Mahkememizde görülmekte olan Kayyımlık (Ticari Şirkete Temsil Kayyımı Atanması) davasının dosya üzerinde yapılan incelemesi sonunda,
GEREĞİ DÜŞÜNÜLDÜ:
Davacı mahkememize verdiği dava dilekçesinde özetle; …’ın …’nin her biri 25,00 TL itibari değerde toplam 40 adet hissesinin sahibi ve dolayısıyla Şirket’in ortağı olduğunu, şirketi temsile yetkili iki ortak ve aynı zamanda müdürden birisi olduğunu, şirketin diğer ortağı ve aynı zamanda müdürünün … olduğunu, Müvekkili ve Şirket arasındaki husumete binaen … 14. Asliye Ticaret Mahkemesinde ikame edilmiş derdest bir dava mevcut olduğunu, Müvekkilinin, Şirketin zamanında tek ortağı olan …’dan, Şirket nezdinde sahip olduğu her biri 25,00-TL itibari değerde toplam 40 adet hissesini, hisse devri tarihinden sonra doğacak bütün hak ve yükümlülükleri ile birlikte 250.000,00-TL bedel karşılığında devraldığını, bu husus ticaret sicilline tescil edilmiş ve 9600 sayılı 14.06.2018 tarihli Türkiye Ticaret Sicili Gazetesi’nde yayımlandığını, ortaklık sürecinin başından itibaren Şirketin, Türk Ticaret Kanunu’nun şirkete, şirket ortaklarına ve yöneticilerine yüklediği en basit yükümlülükleri dahi yerine getirmediğini, bununla birlikte hisse devri görüşmeleri sırasında … tarafından Şirket adına verilen taahhütlerin yerine getirilmemesi ve ortaklık sürecinde Müvekkilinin yönetim hakkının engellenmesi, ortaklık ilişkisinin dürüstlük kuralı çerçevesinde devam ettirilmesini imkansız hale getirdiğini, Müvekkili ile Şirket arasındaki husumete binaen Müvekkil tarafından Şirket’e karşı … 14. Asliye Ticaret Mahkemesi’nde “Müvekkili …’a ait ortaklık payı karşılığının tarafımıza ödenmesi suretiyle ortaklıktan çıkma kararı verilmesi, Sayın Mahkeme aksi kanaatte ise …’nin feshi ve mal varlığının tasfiyesi talebi” konulu ve 2021/64 Esas numaralı dava ikame edildiğini, Derdest davada verilen ara karara istinaden temsil kayyımı talepli dava açma zarureti doğduğunu, Mahkemece takdir olunacak tarafsız bir kişinin şirket ilgili davada temsilen temsil kayyımı olarak atanmasına, yargılama giderleri ve vekalet ücretinin davalı şirket üzerine bırakılmasına karar verilmesini talep ve dava etmiştir.
GEREKÇE :
Dava, davacı şirkete temsil kayyımı atanmasına ilişkindir.
Davacı, dava dilekçesinde davacı şirkete temsil kayyımı atanmasını talep etmiştir.
Davacı sıfatı, dava konusu hakkın sahibini, davalı sıfatı ise dava konusu hakkın yükümlüsünü belirler.

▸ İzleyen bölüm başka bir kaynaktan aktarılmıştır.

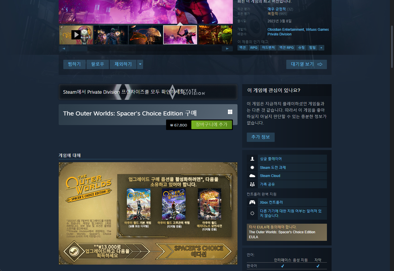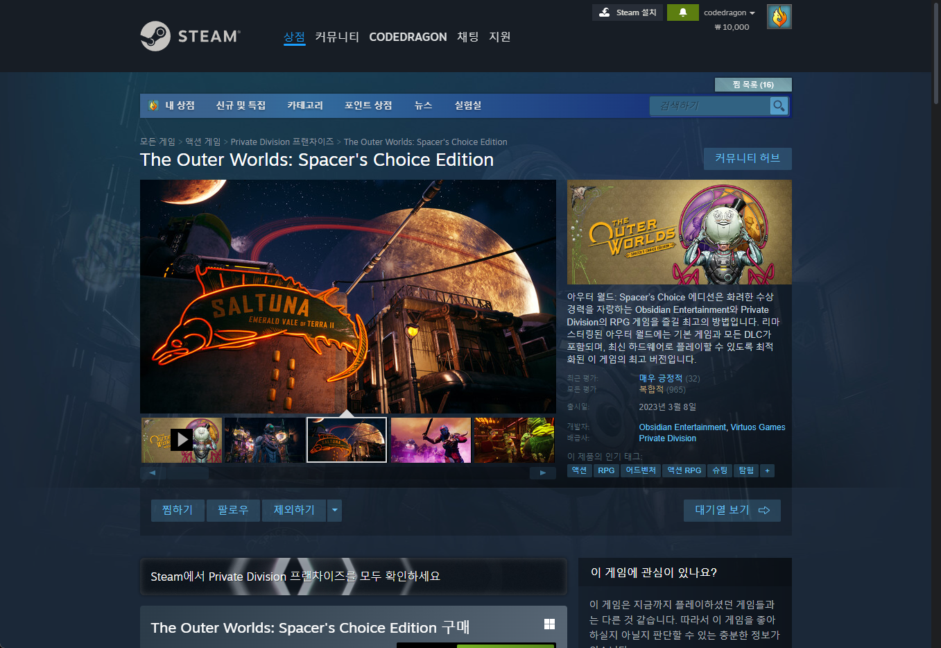 - "The Outer Worlds: Spacer's Choice Edition" - Steam 스팀 게임 페이지

Uygulamada davacı sıfatı, aktif husumeti, davalı sıfatı ise pasif husumeti karşılayacak şekilde değerlendirilmektedir. Dava konusu şey üzerinde kim ya da kimler hak sahibi ise, davayı bu kişi veya kişilerin açması ve kime karşı hukuki koruma isteniyor ise o kişi veya kişilere davanın yöneltilmesi gerekir.

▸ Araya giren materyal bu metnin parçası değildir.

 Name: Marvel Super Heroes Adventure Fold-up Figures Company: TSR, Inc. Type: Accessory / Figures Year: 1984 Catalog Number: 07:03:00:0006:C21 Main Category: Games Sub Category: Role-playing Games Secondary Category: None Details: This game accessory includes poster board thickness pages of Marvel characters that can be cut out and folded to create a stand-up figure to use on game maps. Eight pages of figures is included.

Yargıtay 11. Hukuk Dairesinin 2016/9046 esas 2018/2033 karar sayılı ilamının ilgili kısmı “…Mahkemece tüm dosya kapsamına göre, davaya konu kayyım atanması istenen … Ltd. Şti.’nin davalı olarak gösterilerek dava açılması gerekirken, hasımsız olarak dava açıldığı gerekçesiyle husumet eksikliği nedeniyle davanın usul yönünden reddine karar verilmiştir.

davacı ortağın temsil kayyumu tayini talep ettiği iki ortaklı limited şirketin diğer ortağına karşı husumet yöneltebilecek olmasına göre davacı vekilinin tüm temyiz itirazlarının reddi gerekmiştir.” şeklindedir.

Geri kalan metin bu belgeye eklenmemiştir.